UTAMA | PONTIANAK | KRIMINAL | DAERAH

UTAMA

Kamis, 16 Maret 2017 13:48
KEJAM..!! Sudah Kurus Kering, Anak Tiri Disiksa, Lihat Nih Fotonya

Padahal Si Ibu Tiri adalah Adik dari Ibunya Korban

KURUS KERING. Kondisi bocah perempuan 11 tahun yang kurus kering dengan luka di sekujur tubuhnya di Puskesmas Sungai Pinyuh, Rabu (15/3). ARI SANDY

PROKAL.CO, MEMPAWAH-Malang benar nasib bocah sebelas tahun berinisial RB ini. Warga Gang Sepakat, Sungai Pinyuh, Mempawah ini terus menerus disiksa dan dianiaya oleh ibu tirinya. Badannya kurus kering seperti kurang makan. Rambut acak-acakan, dan bekas luka ada di sekujur tubuhnya. Warga yang tak tega melihat penderitaan RB pun berupaya menolong. Namun si ibu tiri menghalanginya.
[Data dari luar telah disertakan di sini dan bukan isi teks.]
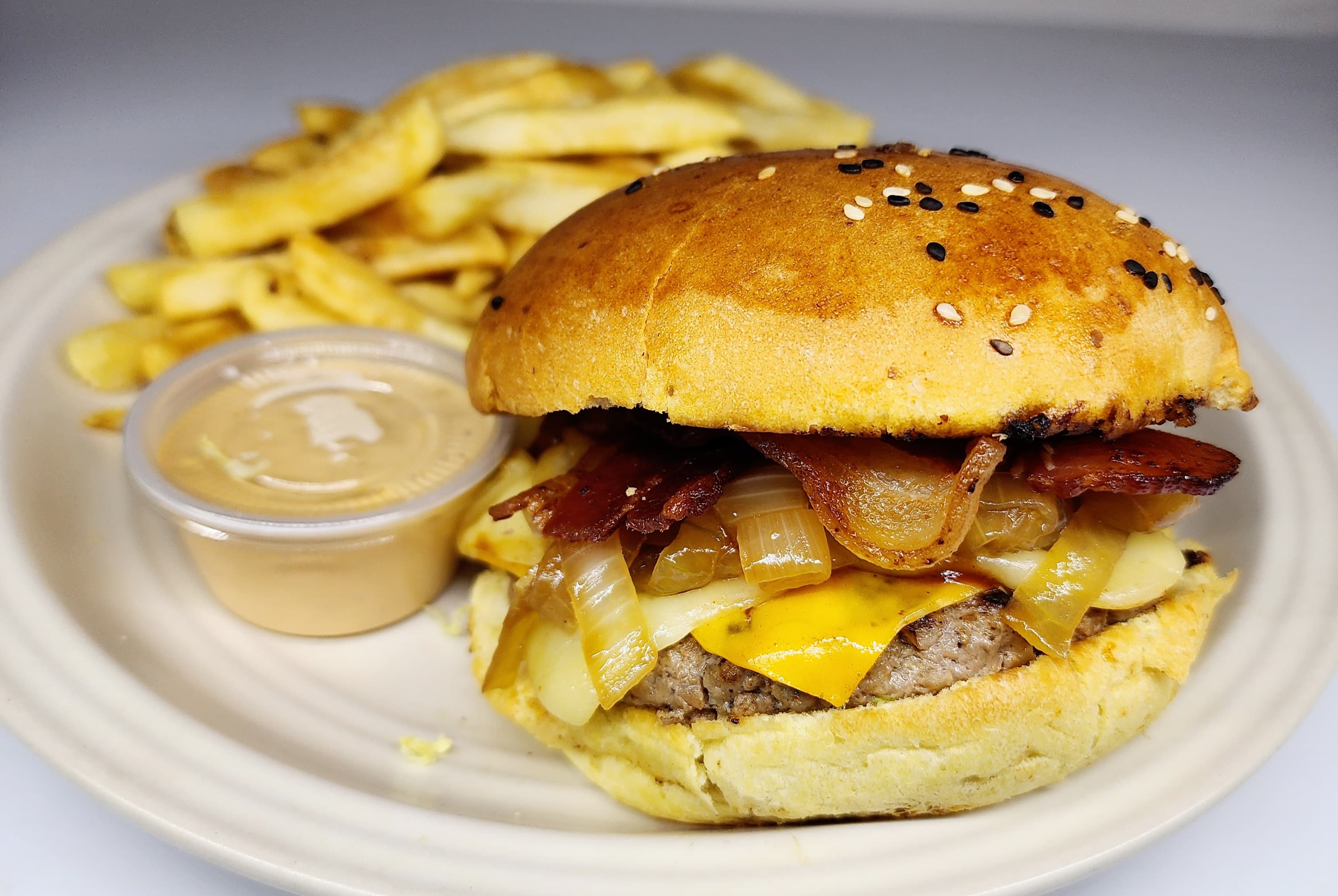 Carne 100% res, queso amarillo, queso blanco, cebolla caramelizada y tocino.
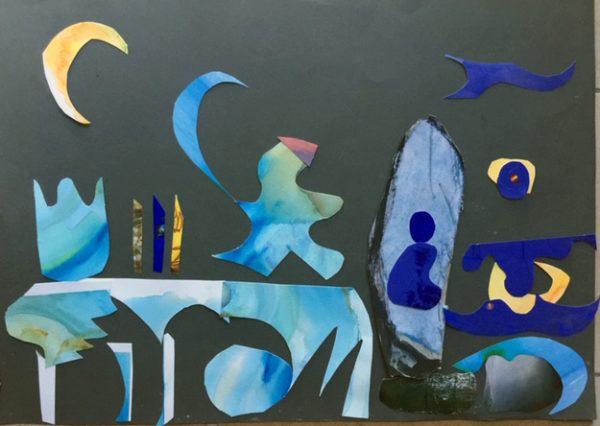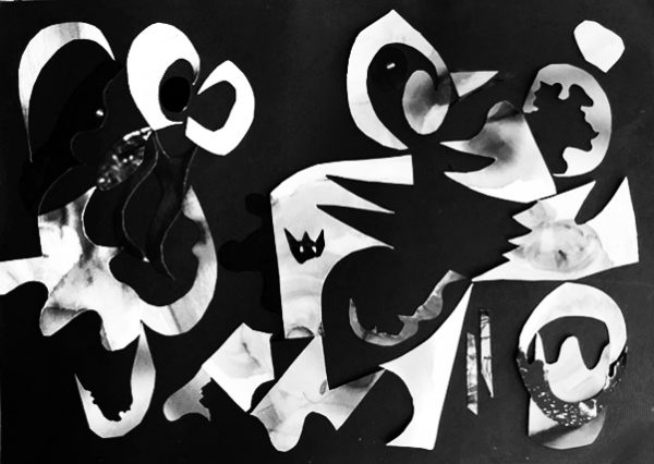 Ich machte dann noch ein zweites Bild, bei dem ich die Schnipsel so legte, dass nicht nur Positiv- sondern auch Negativformen entstanden – mit der Absicht, es digital in eine Schwarz-Weiß-Version umzuformen.

Ketua RT16/RW06 Gang Sepakat, Sungai Pinyuh, Abu Hakim menuturkan, lokasi rumah korban sedikit jauh dari pemukiman warga. Sehingga tetangga tidak mengetahui adanya penyiksaan yang dilakukan wanita berinisial ST terhadap anak tirinya.

“Rumahnya jauh dari rumah tetangga lainnya. Sehingga kita tidak tahu adanya penyiksaan terhadap RB. Tapi dari penuturan neneknya, korban telah dibawa oleh KPAI (Komisi Perlindungan Anak Indonesia) Mempawah untuk diamankan serta diobati,” ucap Abu.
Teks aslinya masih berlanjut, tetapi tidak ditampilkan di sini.